▶ [Records]
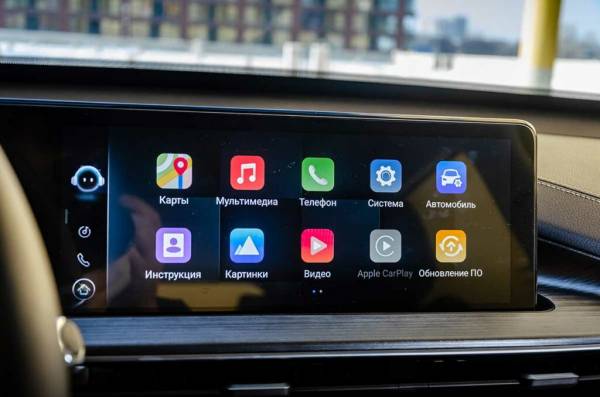 Первое, что цепляет взгляд, — широкая единая панель из двух 12,3‑дюймовых дисплеев приборной панели и медиацентра. Графика у экранов классная. Картинка с камер хорошая. Функционал широкий: есть Apple CarPlay и Android Auto. Отзывчивость сенсора на прикосновения неплоха. И только блики от солнца досаждают.
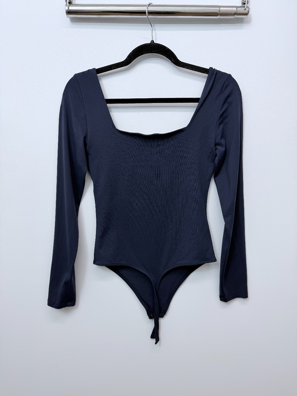Details: Navy long sleeve bodysuit.
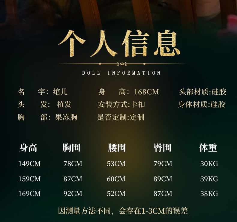 按自己需要的身高選擇,145CM以上免費贈送,精緻妝容,果凍胸,增加其他配置聯繫客服
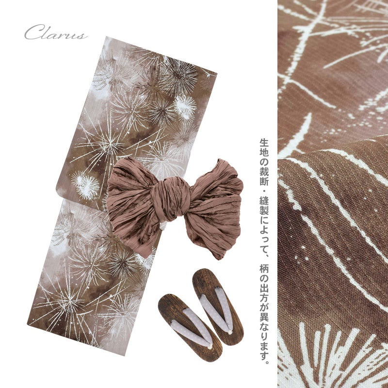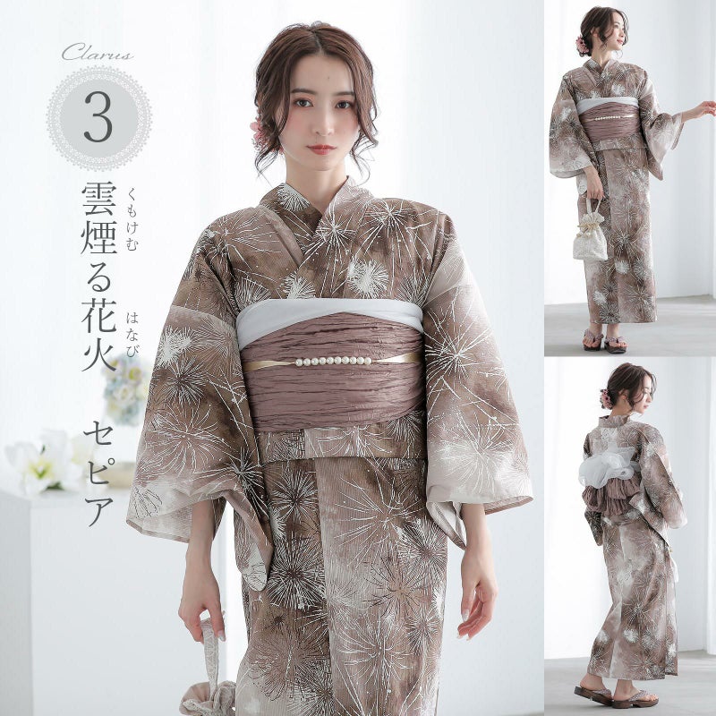 浴衣:淡いトープベージュや濃淡のあるセピアの流れ。白や濃いブラウン、アンバーの線で表現された花火。たくさんの思い出の中の花火をすべて浴衣に閉じ込めたようなデザインです。
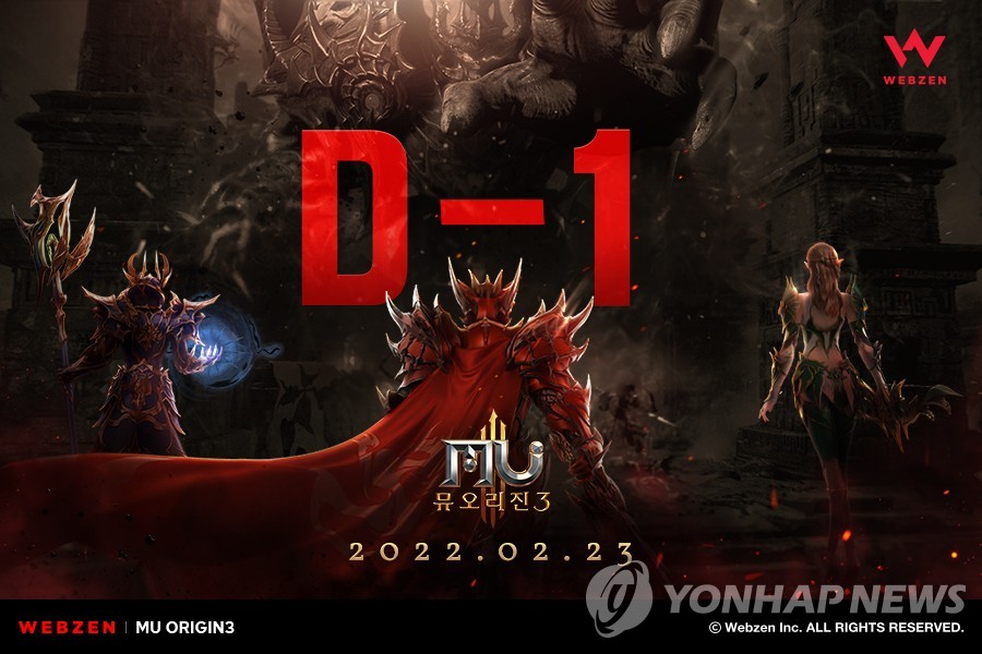 (서울=연합뉴스) 최현석 기자 = 웹젠[069080]은 22일 오후 4시 신작 모바일 다중접속역할수행게임(MMORPG) '뮤오리진3(MU Origin 3)' 사전 다운로드 서비스를 개시했다고 밝혔다.
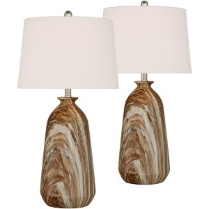 360 Lighting Carlton Modern Table Lamps 28" Tall Set of 2 Swirling Brown Faux Marble White Tapered Drum for Bedroom Living Room Bedside Nightstand
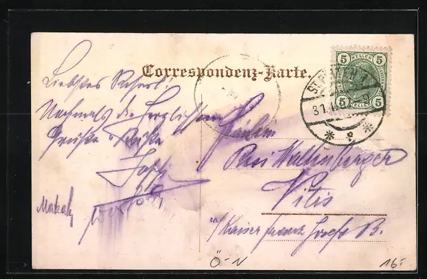 Personenbezogene Daten auf der Rückseite der Karte wurden durch blauen Textmarker unkenntlich gemacht. Die blauen Stellen sind auf die Vorderseite durchgeweicht und wirken sich negativ auf das Postkartenfoto aus

▶ [Exercise]
Reproduce exactly the lines above starting at the line containing "Details: Navy long sleeve bodysuit." and ending at the line containing "(서울=연합뉴스) 최현석 기자", including both, but not the pictures.

▶ [Reply]
Details: Navy long sleeve bodysuit.
 按自己需要的身高選擇,145CM以上免費贈送,精緻妝容,果凍胸,增加其他配置聯繫客服
 浴衣:淡いトープベージュや濃淡のあるセピアの流れ。白や濃いブラウン、アンバーの線で表現された花火。たくさんの思い出の中の花火をすべて浴衣に閉じ込めたようなデザインです。
 (서울=연합뉴스) 최현석 기자 = 웹젠[069080]은 22일 오후 4시 신작 모바일 다중접속역할수행게임(MMORPG) '뮤오리진3(MU Origin 3)' 사전 다운로드 서비스를 개시했다고 밝혔다.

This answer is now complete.